Use a vertical omni-directional antenna for both modes, actually all modes, and you will have the best of all possible worlds! I say this based on my own experience, as well as others who have worked a great deal of DX with vertically polarized antennas. For about 31 years now I have used vertical omnis on this band to very good success. I’ve worked all 50 states, and four countries, most times running not more than about 100 watts of power.
I’m not knocking beam antennas such as Yagis or Cubical Quads, I have used them too! What I’m really saying though is that I have learned to put them up vertically polarized as opposed to using them in horizontal polarization. One station I can think of has worked all states more than twice over, as well as working all continents using a pair of vertical five element Yagi beams.

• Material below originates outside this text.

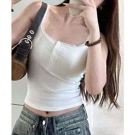 爽やかなストライプ柄とレースのトリムが特徴。シンプルながらも、女性らしさを引き立てるデザインです。ボタンデザインと細めのストラップでカジュアル感UP。リラックスできる着心地で、デイリーコーディネートにぴったり。
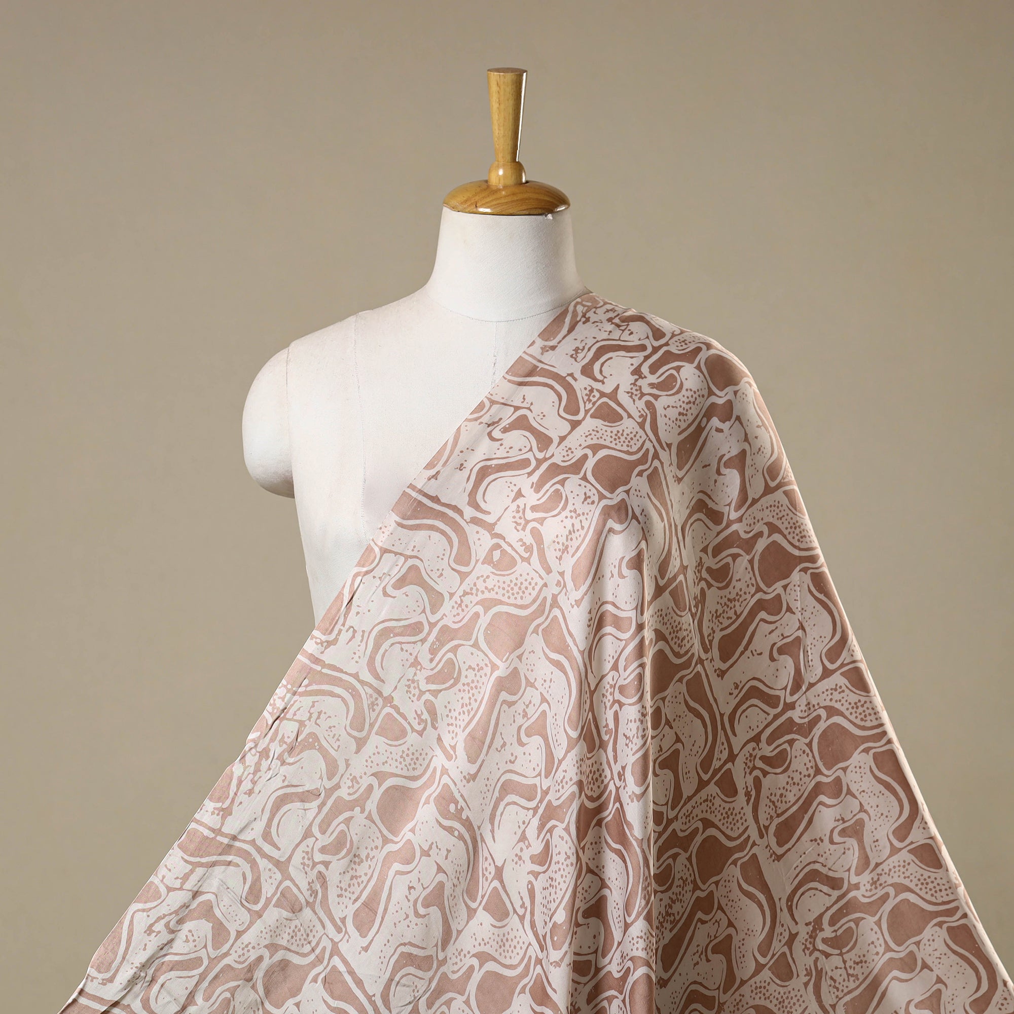 This brown hand batik print fabric from Kutch is created using the centuries-old wax-resist dyeing technique, where molten wax is applied before dyeing to form intricate motifs. This fabric is made from modal silk, which is a viscose by cotton blend, offering a beautiful drape, subtle sheen, and enhanced comfort. Perfect for creating ethnic wear, casual outfits, or elegant home décor projects, it beautifully combines traditional artistry with a contemporary touch.

The reasoning behind this becomes more clear if you consider that propagation on this band is more often similar to that of an High Frequency (HF) band, rather than a VHF band. On bands like 2 Meters or 222 MHz., when you operate Single Sideband (SSB) you would probably be foolish not to use a horizontal antenna. In my experience on the Six Meter band, signal propagation comes in most times at an angle that is closer to the vertical plane, than it is to horizontal.
About the only time using a vertical antenna would be a disadvantage would be trying to talk to a horizontally polarized station within your “direct wave” range. This would be a station within about 50 miles of you. In this circumstance about an additional 20 Decibels of attenuation would be imposed between the cross polarized stations. In reality though all Six Meter stations should have an omni-directional vertical antenna. With such an antenna you will be aware of the prevailing activity on the band, even if you then switch to some other antenna to optimize that activity.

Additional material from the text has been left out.